Available data |

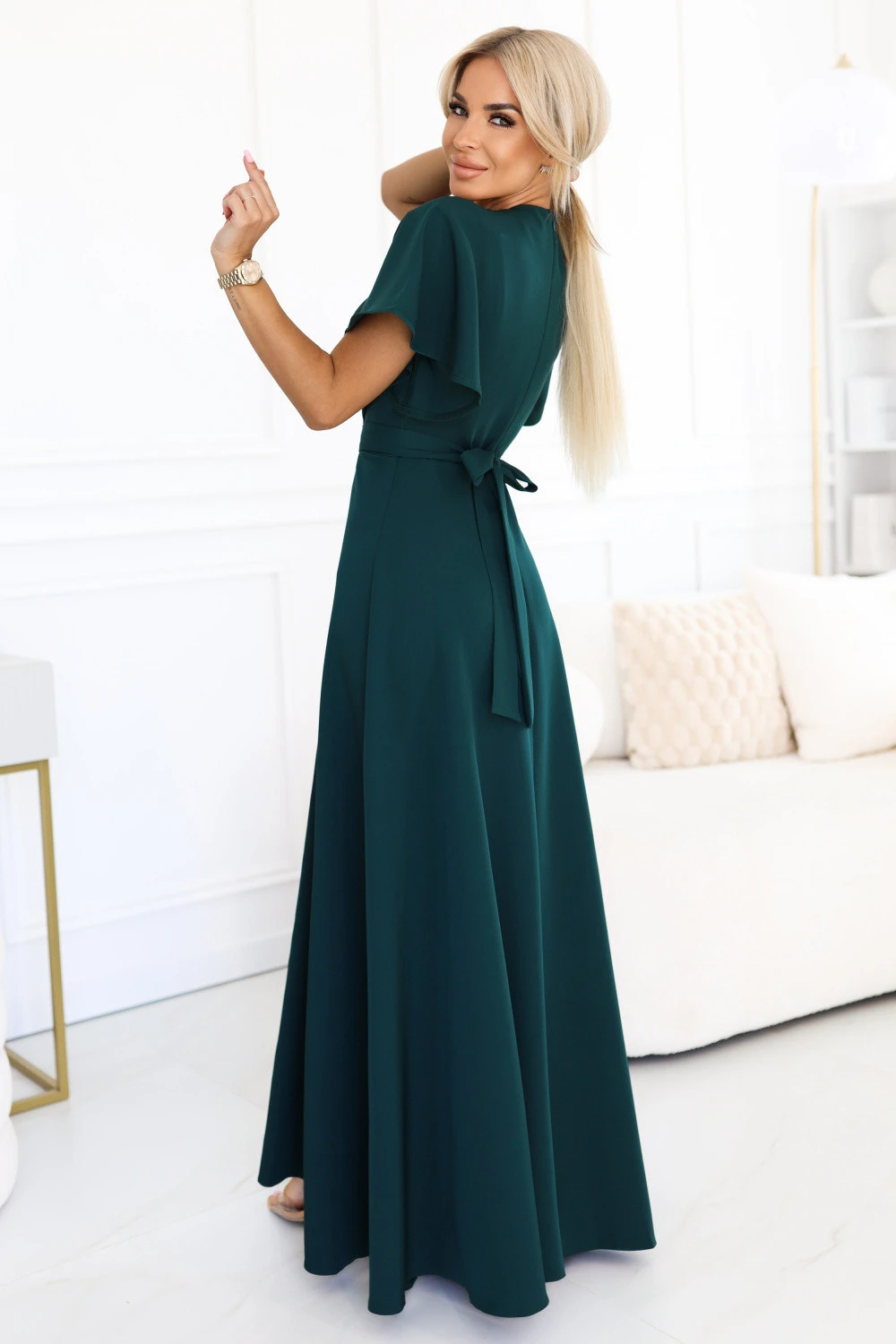 Šaty Jennifer od značky Numoco spojují eleganci a pohodlí v jednom. Maxi model s efektním záhybovým výstřihem krásně zdůrazňuje poprsí a zúží siluetu, zatímco široké, volné rukávy dodávají kreaci lehkost. Vysoké rozparky na noze přidávají smyslný charakter a zdůrazňují ženský půvab. Vyrobené z vysoké kvality materiálu, šaty se dokonale přizpůsobí tělu a zajistí pohodlí během večerních událostí. Hluboká zelená barva dodává šatům nadčasový styl, který se hodí na svatbu, ples, Silvestra, banket, galavečer nebo romantickou večeři.
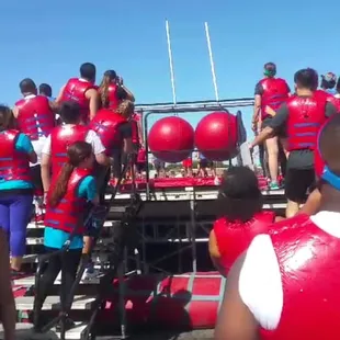 This could have easily been 5 stars but a number of things ruined it for me.1. Trying too hard to hock overprice wipeout gear/wares. No I do not need a tutu. No, I don't think 4 more arm bands will help me complete the course better. A definite buzz kill for me.2. Better training of event staff. During the obstacle where two tethered balls try to knock you down into the water, two people fell into the water and where having some trouble getting. The even person told me to go, and I said I was waiting. He then just go. I told him it's not safe. He told me people are waiting and I need to go. I told him look there's still two people in the water (one of them a friend of mine), and it's not safe. He kept trying to pressure me to go, but I just ignored the college kid, until I saw the two were climbing out of the water.3. The water in the water events is just plain nasty. Imagine this. Hundreds maybe thousands of sweaty people "shower" in the same. Even worse all their dirty shoes go through the water and you're expect to be drenched going through the obstacle. I understand we're in a drought, but I can't imagine all the bacteria collecting this that dark slimy water. Maybe figure out a filtration system next year, or at least throw in a ton of chlorine.4. The pins and bibs are a bad idea. There is not reason for them. They do not track time, and your number for the event is meaningless. They do become a hazard. The pins come off, and I was stabbed in the hand by one that was in the water on the foamy slide obstacle. I even have this on video of me pulling it out. Good thing it wasn't too deep, but with all the bacteria in the water, infection was definite concern. Even my brother's pins came off a couple times after he fell, but good thing he didn't get poked like me.Overall, I had fun, but there definitely needs to some changes for me to come back next year.
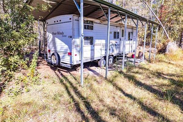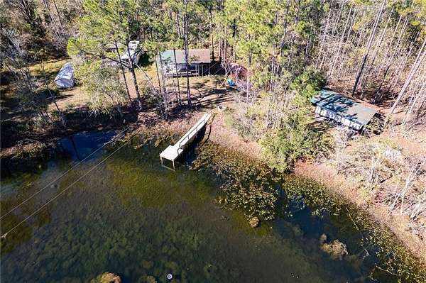This land is equipped with a deep well, septic tank, and three campers already set up, each with its own power pole and built-on porch. Enjoy a stocked pond with a dock, perfect for relaxing or fishing.

Exercise prompt | Would you set down each line of the data exactly, with no images included?

Exercise solution |
 Šaty Jennifer od značky Numoco spojují eleganci a pohodlí v jednom. Maxi model s efektním záhybovým výstřihem krásně zdůrazňuje poprsí a zúží siluetu, zatímco široké, volné rukávy dodávají kreaci lehkost. Vysoké rozparky na noze přidávají smyslný charakter a zdůrazňují ženský půvab. Vyrobené z vysoké kvality materiálu, šaty se dokonale přizpůsobí tělu a zajistí pohodlí během večerních událostí. Hluboká zelená barva dodává šatům nadčasový styl, který se hodí na svatbu, ples, Silvestra, banket, galavečer nebo romantickou večeři.
 This could have easily been 5 stars but a number of things ruined it for me.1. Trying too hard to hock overprice wipeout gear/wares. No I do not need a tutu. No, I don't think 4 more arm bands will help me complete the course better. A definite buzz kill for me.2. Better training of event staff. During the obstacle where two tethered balls try to knock you down into the water, two people fell into the water and where having some trouble getting. The even person told me to go, and I said I was waiting. He then just go. I told him it's not safe. He told me people are waiting and I need to go. I told him look there's still two people in the water (one of them a friend of mine), and it's not safe. He kept trying to pressure me to go, but I just ignored the college kid, until I saw the two were climbing out of the water.3. The water in the water events is just plain nasty. Imagine this. Hundreds maybe thousands of sweaty people "shower" in the same. Even worse all their dirty shoes go through the water and you're expect to be drenched going through the obstacle. I understand we're in a drought, but I can't imagine all the bacteria collecting this that dark slimy water. Maybe figure out a filtration system next year, or at least throw in a ton of chlorine.4. The pins and bibs are a bad idea. There is not reason for them. They do not track time, and your number for the event is meaningless. They do become a hazard. The pins come off, and I was stabbed in the hand by one that was in the water on the foamy slide obstacle. I even have this on video of me pulling it out. Good thing it wasn't too deep, but with all the bacteria in the water, infection was definite concern. Even my brother's pins came off a couple times after he fell, but good thing he didn't get poked like me.Overall, I had fun, but there definitely needs to some changes for me to come back next year.
This land is equipped with a deep well, septic tank, and three campers already set up, each with its own power pole and built-on porch. Enjoy a stocked pond with a dock, perfect for relaxing or fishing.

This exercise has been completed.